Coast Guard officer injured in rescue dies: The U.S. Coast Guard said Wednesday that Petty Officer Third Class Travis Obendorf died in a Seattle hospital after succumbing to injuries he received during the rescue of 22 mariners from the fishing vessel Alaska Mist in the Bering Sea on Nov. 11. The Coast Guard credits Obendorf with directly saving at least five crew members of the stranded 166-foot vessel, which had suffered a mechanical failure. After being injured during the rescue operation, Obendorf was immediately taken to Cold Bay, and then Anchorage. He was transferred to Seattle Dec. 6. The Coast Guard said they are continuing to investigate the incident.

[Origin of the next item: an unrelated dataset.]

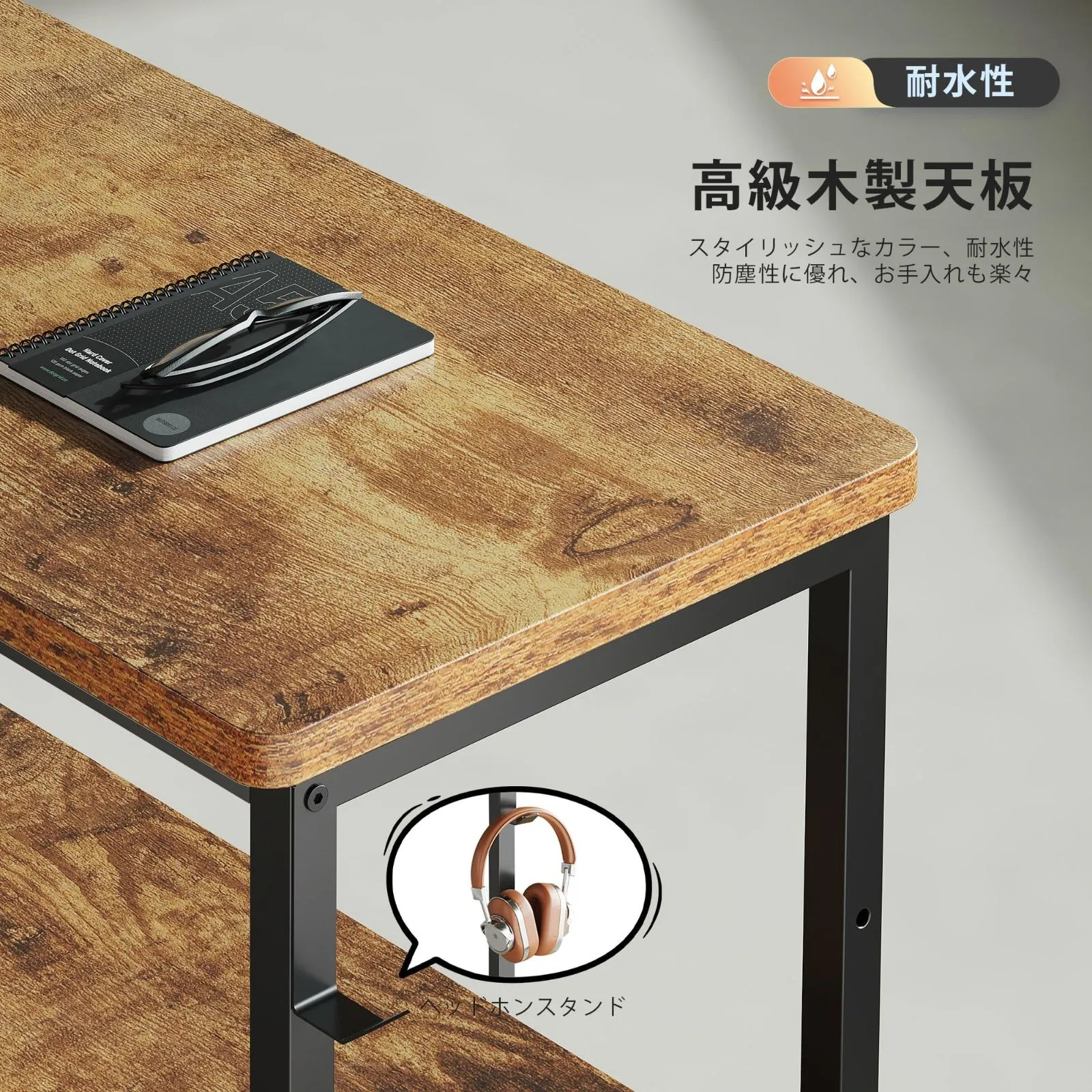 YeTom パソコンデスク 机 学習机 右棚左棚 幅107cm ゲーミングデスク l字デスク pcデスク 収納袋付き勉強机 コーナーデスク 本棚付き ビンテージ

Stolen vehicle leads to foot chase, frostbite: A Wasilla man landed in a Fairbanks hospital after attempting to flee into the Alaska Range to escape arrest, according to Alaska State Trooper reports. Troopers said the incident began Tuesday afternoon with the report of a vehicle in a ditch near Mile 201 of the Parks Highway near Broad Pass, one of two passes through which the highway traverses the Alaska Range. When troopers responded, they discovered that the vehicle had been stolen from Anchorage. Meanwhile, the driver, 20-year-old Samuel A. Wade of Wasilla, had caught a ride with a passing driver. When police pulled over the driver who'd picked him up near Cantwell, Wade fled on foot. Troopers tracked him for more than an hour through two miles of forest before locating and apprehending him. Temperatures at the time were 20 degrees below zero, troopers reported. By then, Wade was suffering from hypothermia and frostbite. He was treated first by emergency medical services in Cantwell and then at Fairbanks Memorial Hospital, after which he was arrested and charged with second-degree escape, first-degree vehicle theft, first-degree criminal trespass, resisting arrest and disorderly conduct. He was taken to Fairbanks Correctional Facility and held without bail.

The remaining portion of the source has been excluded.